Trampoline trauma

Did you watch the Today show this morning? If so you probably saw a segment on trampoline safety featuring Thriving safety expert, Lois Lee, MD, MPH. Here, Dr. Lee goes into more detail about how to keep your children safe should they use a backyard trampoline.

One of the activities my sister and I enjoyed as children was jumping on our neighbor’s trampoline.  The trampoline was your standard backyard kind–rectangular and black with only mesh on the sides. There was no such thing as netting around the trampolines back then. Most of the time we loved to jump on it and do somersaults, but there were other times when we would just lay on the warm black surface and watch the clouds drift by.

Lois Lee, MD, MPH
Lois Lee, MD, MPH

If my mother knew then what I know now, we’d have spent a lot less time on that trampoline.  Actually, knowing my mother, we wouldn’t have spent any time on it at all.
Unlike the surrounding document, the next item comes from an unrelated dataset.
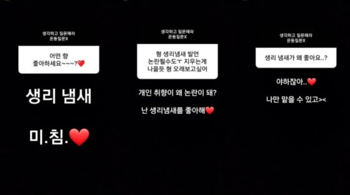 이를 본 다른 네티즌은 "생리 냄새 발언은 논란될 수도, 지우는 게 나을 듯"이라고 지적하자 "개인 취향이 왜 논란이 되냐"며 "난 생리냄새를 좋아한다"고 재차 했다. "생리 냄새가 왜 좋냐"는 물음에는 "야하잖아 나만 맡을 수 있고"라는 답변을 남겼다.

In response to NBC Today Show’s inquiry about any recent trampoline-related injuries at Children’s, I did a quick search of patients figuring there would be only a few from the scattered sunny days we have had this spring. Boy, was I surprised to find out that the emergency department at Children’s Hospital Boston has seen at least 20 children with trampoline related injuries in the last 8 weeks.  Most of the children had fractures of their arms or legs after falling while jumping on the trampoline in their own backyard.  Nationally, over 90% of the trampoline injuries seen in the emergency department occur on a home-based trampoline—not at a gymnastics facility.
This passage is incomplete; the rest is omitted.